AMERICA'S FAVORITE NATIONAL PASTIME: HATING SOCCER



By Ann Coulter

 
I've held off on writing about soccer for a decade -- or about the length of the average soccer game -- so as not to offend anyone. But enough is enough. Any growing interest in soccer can only be a sign of the nation's moral decay.


(1) Individual achievement is not a big factor in soccer. In a real sport, players fumble passes, throw bricks and drop fly balls -- all in front of a crowd. When baseball players strike out, they're standing alone at the plate. But there's also individual glory in home runs, touchdowns and slam-dunks.


In soccer, the blame is dispersed and almost no one scores anyway. There are no heroes, no losers, no accountability, and no child's fragile self-esteem is bruised. There's a reason perpetually alarmed women are called "soccer moms," not "football moms."


Do they even have MVPs in soccer? Everyone just runs up and down the field and, every once in a while, a ball accidentally goes in. That's when we're supposed to go wild. I'm already asleep.


(2) Liberal moms like soccer because it's a sport in which athletic talent finds so little expression that girls can play with boys. No serious sport is co-ed, even at the kindergarten level.


(3) No other "sport" ends in as many scoreless ties as soccer.

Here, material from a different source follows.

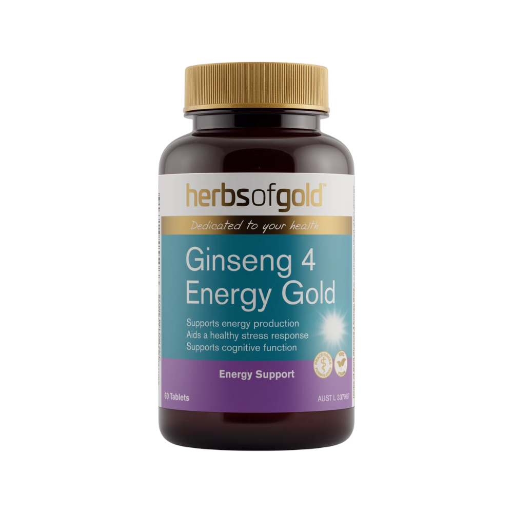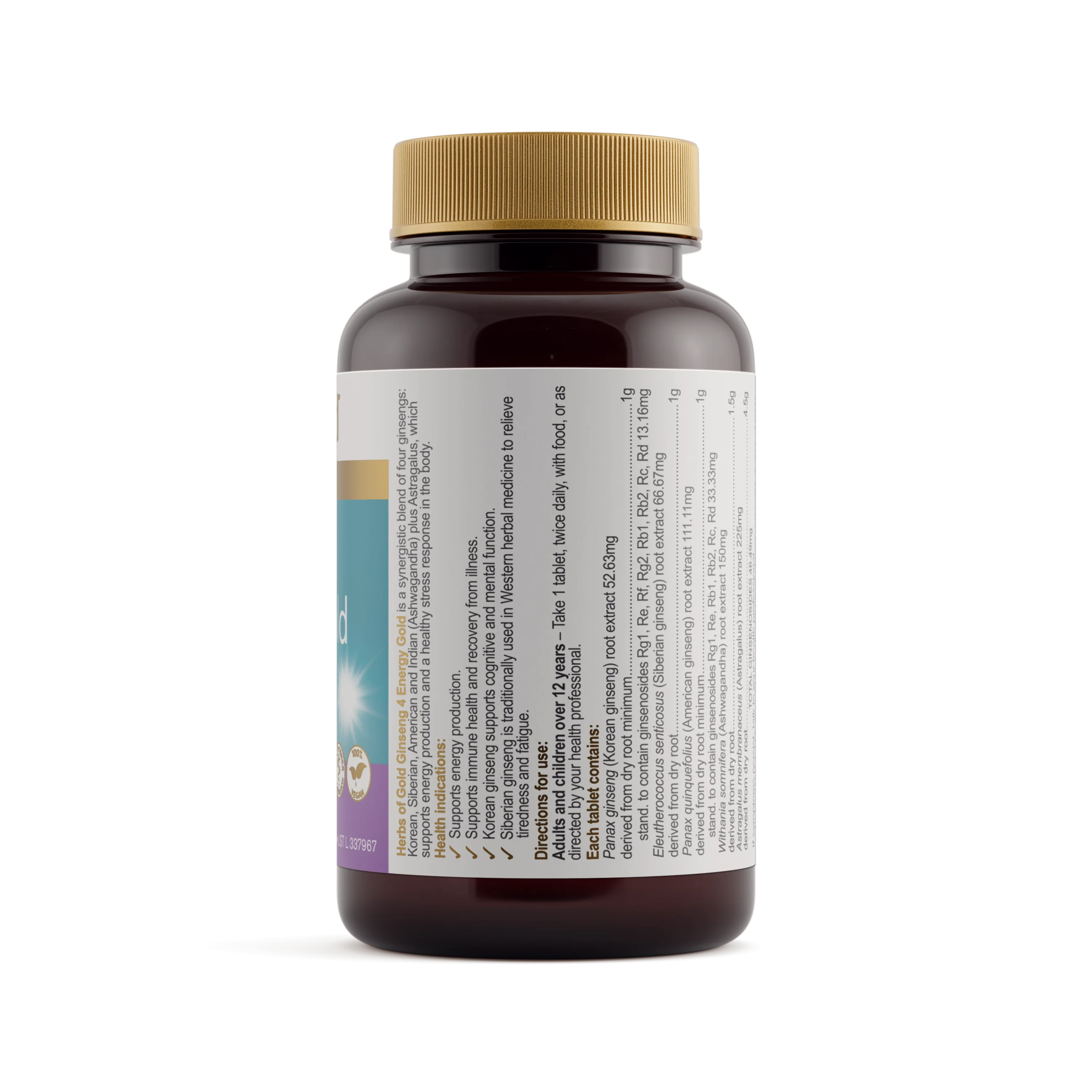 Herbs of Gold Ginseng 4 Energy Gold contains a synergistic blend of four ginsengs plus Astragalus to support energy production and a healthy stress response in the body.

This was an actual marquee sign by the freeway in Long Beach, California, about a World Cup game last week: "2nd period, 11 minutes left, score: 0:0." Two hours later, another World Cup game was on the same screen: "1st period, 8 minutes left, score: 0:0." If Michael Jackson had treated his chronic insomnia with a tape of Argentina vs. Brazil instead of Propofol, he'd still be alive, although bored.


Even in football, by which I mean football, there are very few scoreless ties -- and it's a lot harder to score when a half-dozen 300-pound bruisers are trying to crush you.


(4) The prospect of either personal humiliation or major injury is required to count as a sport. Most sports are sublimated warfare. As Lady Thatcher reportedly said after Germany had beaten England in some major soccer game: Don't worry. After all, twice in this century we beat them at their national game.